Health Commissioner Bassett has claimed that “had it not been for the abortion I received before I began my internship, I would not be New York’s Health Commissioner today”.
She added: “I would not be the committed mother that I have been able to be to my two adult daughters for over 34 years. These two wonderful women might not even be here.”
In 2020, the actress Michelle Williams, accepting an award at the Golden Globes, implied that she owed her success and her award to an abortion she procured years earlier.
Similarly, Joan Collins, best known for appearing in the 1980s US soap Dynasty, claimed in 2021 that having an abortion at the age of 26 suited her career, as reported by SPUC.
“I had an abortion… I was a feminist before the word was heard and I shall do what I felt was right for me… It [the unborn child] would have ruined my life… it would have ruined my life”, she said.
A “far from empowering” anti-mother narrative
SPUC’s Michael Robinson, Executive Director (Public Affairs and Legal Services), said: “An unborn child is an innocent human being who has as much of a right to life as a born child. Sacrificing unborn children for the sake of a career, no matter how much a person might try to justify it, is far from empowering and is not what parenthood is about.
“While it is, of course, delightful that Health Commissioner Bassett now has two wonderful daughters, she might also have had an equally wonderful third child, a son or daughter, who, because of abortion, will never have a career or have the chance to be a parent themselves.
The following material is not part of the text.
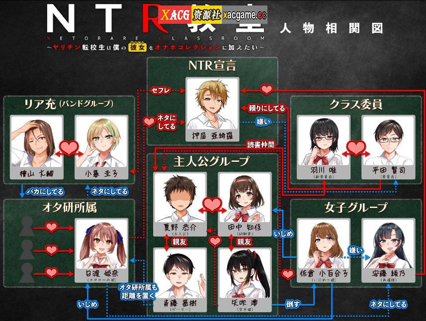 这是由【緑の帝国】23年4月在DLsite上发布的一款校园SLG游戏。现已经由“NING”个人制作发布了精翻,完成汉化版,文本质量不错。内容讲述帅哥黄毛转校生到来第一天就发布了要睡走全班人的女朋友~男主竭力保卫自己的青梅竹马女朋友不被黄毛寝取的刺激攻防战略。游戏里各角色关系错综复杂,玩法细致,并且画风社保实用!

“Empowerment is ultimately about confronting the challenges of life with courage and confidence. Abortion is the exact opposite of this. Otherwise, why should Bassett have to justify her abortion at all? Not because it was empowering.
“Increasingly, SPUC is seeing cases of mothers being discriminated against in the workplace because they choose to have children. Pro-abortion comments from Bassett and others only serve to perpetuate this harmful narrative that mothers are unwelcome at work and must choose between the life of their child or a career.
“Rather than making mothers feel that abortion is the only way out of a crisis pregnancy, Bassett should be using her position of significant influence to help mothers to have a career AND be mothers. Not only would that be truly wonderful, but it would also be genuinely progressive and empowering, for everyone involved, including unborn children.”